== WORK REQUEST ==
In the entries that follow, the lines from the line containing "果实圆球形,有时为卵圆形,成" up to and including the line containing "鸡脯肉250克;胡萝卜适量;青豆适量;香菇适量;" must be copied exactly, with pictures omitted.

DATASET section start

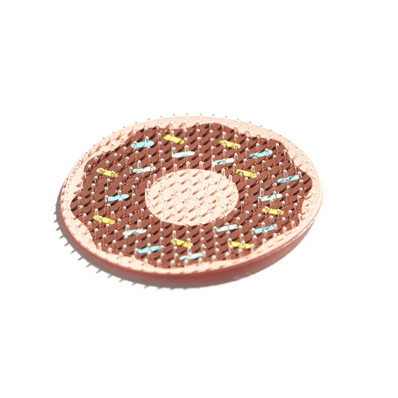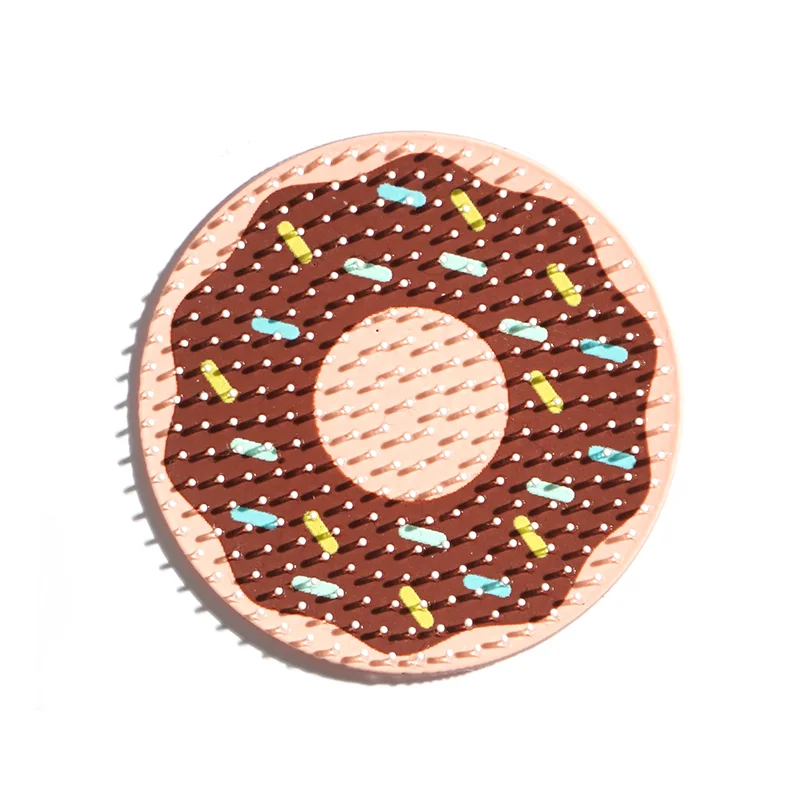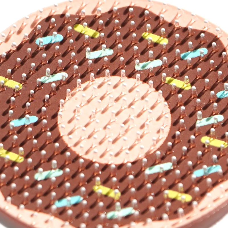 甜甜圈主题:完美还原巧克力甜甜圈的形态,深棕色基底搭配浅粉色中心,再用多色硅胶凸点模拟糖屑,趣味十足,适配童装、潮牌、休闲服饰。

DATASET section end
DATASET section start

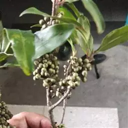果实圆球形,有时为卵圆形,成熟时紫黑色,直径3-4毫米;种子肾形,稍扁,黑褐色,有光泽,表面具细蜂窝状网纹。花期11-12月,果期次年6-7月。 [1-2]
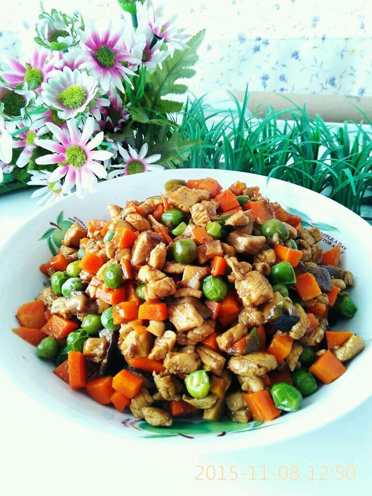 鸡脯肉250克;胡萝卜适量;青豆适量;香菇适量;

DATASET section end

== YOUR SOLUTION ==
果实圆球形,有时为卵圆形,成熟时紫黑色,直径3-4毫米;种子肾形,稍扁,黑褐色,有光泽,表面具细蜂窝状网纹。花期11-12月,果期次年6-7月。 [1-2]
 鸡脯肉250克;胡萝卜适量;青豆适量;香菇适量;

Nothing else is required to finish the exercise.